The Noguchi prize is named after esteemed Japanese scientist Hideo Noguchi who is best known for discovering the agent of syphilis and for appearing on the country’s 1,000 yen note.
AIDS 2008
The XVII International AIDS Conference (AIDS 2008) is to be held in México City from 3-8 August 2008. The conference theme - Universal Action Now - emphasizes the need for continued urgency in the worldwide response to HIV/AIDS, and for action on the part of all stakeholders at the global, national, regional and local levels. The theme serves as a rallying call, reminding us that it is only through individual and collective action that we will reach the goals of ensuring universal access to HIV prevention, treatment, care and support by 2010, and eliminating HIV stigma and discrimination.
Universal Action Now is also
an important reminder that the HIV/AIDS epidemic does not exist in a vacuum.4
Strengthening health care systems in developing countries and addressing underlying social injustices that contribute to HIV risk and vulnerability -- such as poverty, gender inequality and homophobia – are essential strategies in the global response to HIV.
South African HIV positive soldiers sue government
A trade union representing South Africa’s military is taking the country’s defence ministry to court, accusing it of discriminating against people living with HIV.
The South African Security Forces Union (SASFU) says people with HIV are not recruited, and if they become soldiers, are refused promotion.
An estimated 11 per cent of the South African population and 35 per cent of the army are HIV positive.
The country’s defence ministry responded by saying that people with HIV, “could not withstand difficult missions.”
SASFU’s Charles Jacobs said there was a now a policy of mandatory testing for South Africa’s military and recruits and denying those with HIV the chance to serve abroad was unconstitutional.
South African troops serve as UN or African Union peacekeepers in several foreign countries but the AIDS Law Project said arguments that people with HIV could not do strenuous jobs were a “lame excuse.”

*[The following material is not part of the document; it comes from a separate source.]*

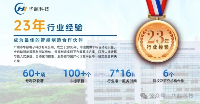 華頡科技成立于 2003 年,總部位于廣州科學城,長期深耕智能制造領域,已獲國家級高新技術企業、專精特新中小企業、瞪羚企業等資質,擁有 60 多項知識產權,具備深厚的技術沉淀與行業認可度。

‘Russia not ready for tough HIV prevention’
Russia is not ready to implement measures such as methadone replacement therapy for drug users to stem the tide of new HIV infections, according to the country’s chief public health officer Gennady Onishchenko.
As many as 80 per cent of Russia’s estimated 1.6 million HIV positive people acquired the virus through dirty needles and studies around the world have shown that injecting users who switch to methadone are up to five times less likely to contract HIV.
Onishchenko said that uninformed Russians have little patience for drug users, preferring to imprison or ostracise them, rather than address their needs.
Russia has pledged 9.3 billion roubles (US$400million) to fight HIV in 2009, more than 20 times the amount spent in 2005.
Russia’s heroin problems stem from the vast country’s location as a trafficking route between opium producing Afghanistan and Europe, AP reported.